▶ Required work
On every line of the listing, check for "with"; copy the lines that have it.

▶ Records provided
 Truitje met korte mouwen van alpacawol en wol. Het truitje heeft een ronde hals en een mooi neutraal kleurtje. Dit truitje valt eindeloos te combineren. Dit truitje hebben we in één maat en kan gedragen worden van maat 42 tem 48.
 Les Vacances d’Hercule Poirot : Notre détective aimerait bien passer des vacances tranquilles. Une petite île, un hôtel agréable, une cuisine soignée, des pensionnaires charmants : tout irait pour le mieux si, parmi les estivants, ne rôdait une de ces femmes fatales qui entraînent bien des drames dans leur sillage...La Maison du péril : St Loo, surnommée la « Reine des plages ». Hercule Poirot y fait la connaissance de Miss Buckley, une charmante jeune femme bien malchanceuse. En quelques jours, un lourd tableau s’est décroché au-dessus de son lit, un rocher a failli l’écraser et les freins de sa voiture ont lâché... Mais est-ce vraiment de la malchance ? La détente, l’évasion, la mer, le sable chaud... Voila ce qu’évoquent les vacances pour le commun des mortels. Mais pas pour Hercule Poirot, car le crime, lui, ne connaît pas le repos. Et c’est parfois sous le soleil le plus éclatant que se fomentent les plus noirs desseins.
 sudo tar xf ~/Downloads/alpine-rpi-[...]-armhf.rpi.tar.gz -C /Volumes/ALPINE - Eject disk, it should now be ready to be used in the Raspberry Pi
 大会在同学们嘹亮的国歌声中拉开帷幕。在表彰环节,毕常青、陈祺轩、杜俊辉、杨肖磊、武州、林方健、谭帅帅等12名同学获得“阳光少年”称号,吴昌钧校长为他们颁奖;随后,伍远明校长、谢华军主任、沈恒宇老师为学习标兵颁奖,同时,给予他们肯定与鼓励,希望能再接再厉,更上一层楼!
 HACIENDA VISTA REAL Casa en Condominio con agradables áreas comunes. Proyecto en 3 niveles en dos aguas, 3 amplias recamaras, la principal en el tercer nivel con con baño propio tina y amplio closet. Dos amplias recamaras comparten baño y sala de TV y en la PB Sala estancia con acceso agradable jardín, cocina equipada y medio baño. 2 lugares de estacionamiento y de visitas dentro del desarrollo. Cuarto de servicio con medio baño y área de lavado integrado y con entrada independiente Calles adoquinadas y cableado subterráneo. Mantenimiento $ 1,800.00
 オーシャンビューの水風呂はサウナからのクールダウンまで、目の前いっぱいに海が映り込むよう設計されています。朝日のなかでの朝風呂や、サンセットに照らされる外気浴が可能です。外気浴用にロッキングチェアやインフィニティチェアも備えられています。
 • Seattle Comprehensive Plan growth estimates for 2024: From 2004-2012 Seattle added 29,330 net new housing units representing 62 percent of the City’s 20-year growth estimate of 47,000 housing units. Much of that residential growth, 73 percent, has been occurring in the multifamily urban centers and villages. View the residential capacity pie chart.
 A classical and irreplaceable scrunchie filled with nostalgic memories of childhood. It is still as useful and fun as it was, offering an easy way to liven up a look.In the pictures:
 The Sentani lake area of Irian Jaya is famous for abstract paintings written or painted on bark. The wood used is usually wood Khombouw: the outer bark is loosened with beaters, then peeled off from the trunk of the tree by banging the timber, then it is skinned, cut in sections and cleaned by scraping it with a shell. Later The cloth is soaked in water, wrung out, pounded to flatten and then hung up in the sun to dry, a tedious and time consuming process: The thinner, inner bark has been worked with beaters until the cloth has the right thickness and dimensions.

▶ Response to the task
 A classical and irreplaceable scrunchie filled with nostalgic memories of childhood. It is still as useful and fun as it was, offering an easy way to liven up a look.In the pictures:
 The Sentani lake area of Irian Jaya is famous for abstract paintings written or painted on bark. The wood used is usually wood Khombouw: the outer bark is loosened with beaters, then peeled off from the trunk of the tree by banging the timber, then it is skinned, cut in sections and cleaned by scraping it with a shell. Later The cloth is soaked in water, wrung out, pounded to flatten and then hung up in the sun to dry, a tedious and time consuming process: The thinner, inner bark has been worked with beaters until the cloth has the right thickness and dimensions.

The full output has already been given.